(Records contained in a dataset)
'''

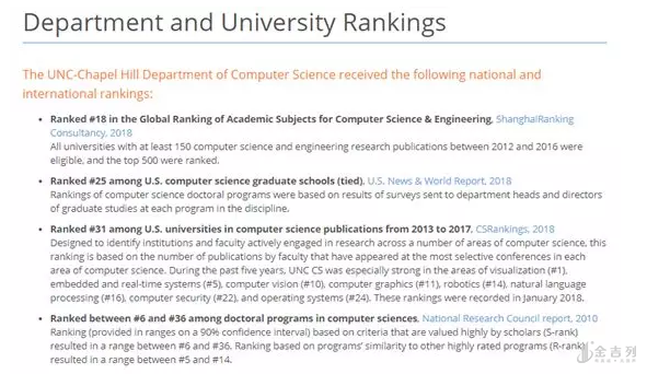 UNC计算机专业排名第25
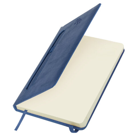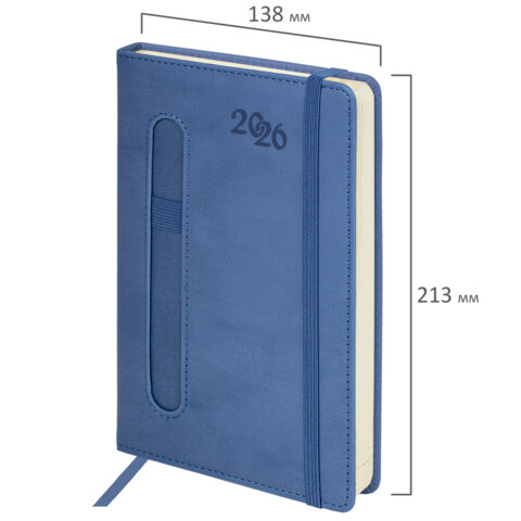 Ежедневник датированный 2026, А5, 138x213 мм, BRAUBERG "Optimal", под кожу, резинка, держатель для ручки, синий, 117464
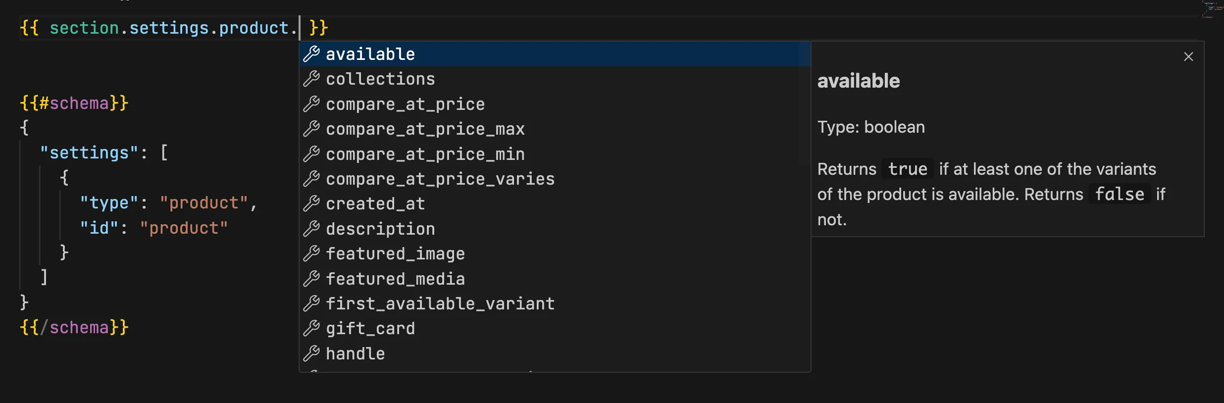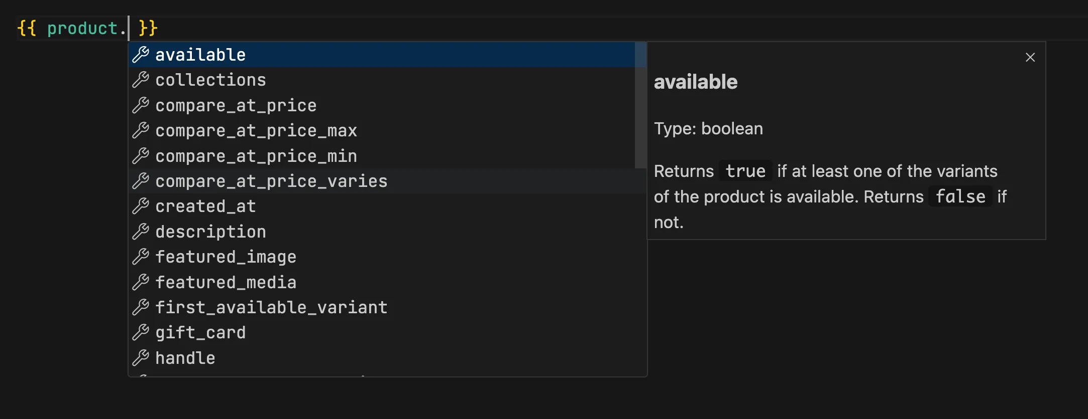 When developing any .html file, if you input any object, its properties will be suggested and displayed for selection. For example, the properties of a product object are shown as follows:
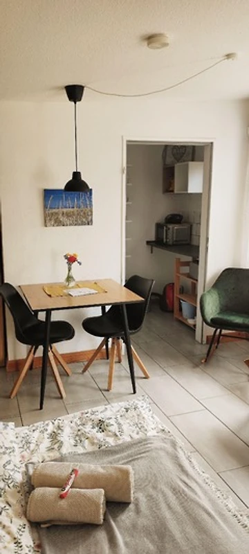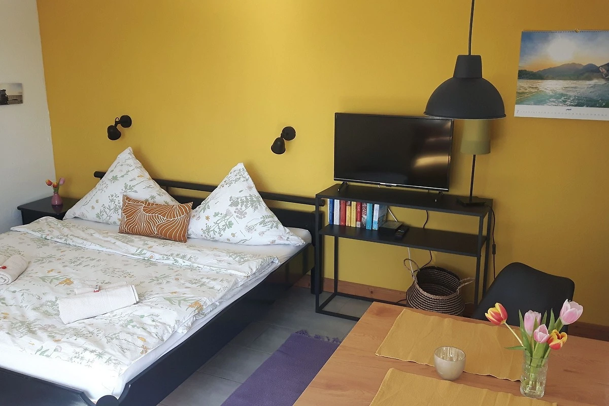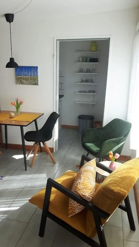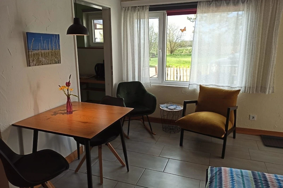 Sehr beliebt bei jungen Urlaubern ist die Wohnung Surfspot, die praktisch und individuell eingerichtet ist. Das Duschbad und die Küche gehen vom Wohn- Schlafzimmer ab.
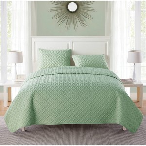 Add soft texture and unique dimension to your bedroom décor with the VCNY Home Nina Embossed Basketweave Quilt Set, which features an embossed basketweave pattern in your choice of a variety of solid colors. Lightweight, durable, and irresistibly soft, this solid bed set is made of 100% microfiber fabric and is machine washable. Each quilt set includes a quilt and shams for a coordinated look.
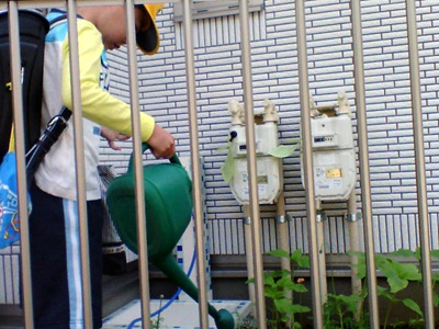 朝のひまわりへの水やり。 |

'''

The task: Leave the pictures out, then output exactly the lines from the "Sehr beliebt bei" line through the end of the records above, and no others.

Your response:
 Sehr beliebt bei jungen Urlaubern ist die Wohnung Surfspot, die praktisch und individuell eingerichtet ist. Das Duschbad und die Küche gehen vom Wohn- Schlafzimmer ab.
 Add soft texture and unique dimension to your bedroom décor with the VCNY Home Nina Embossed Basketweave Quilt Set, which features an embossed basketweave pattern in your choice of a variety of solid colors. Lightweight, durable, and irresistibly soft, this solid bed set is made of 100% microfiber fabric and is machine washable. Each quilt set includes a quilt and shams for a coordinated look.
 朝のひまわりへの水やり。 |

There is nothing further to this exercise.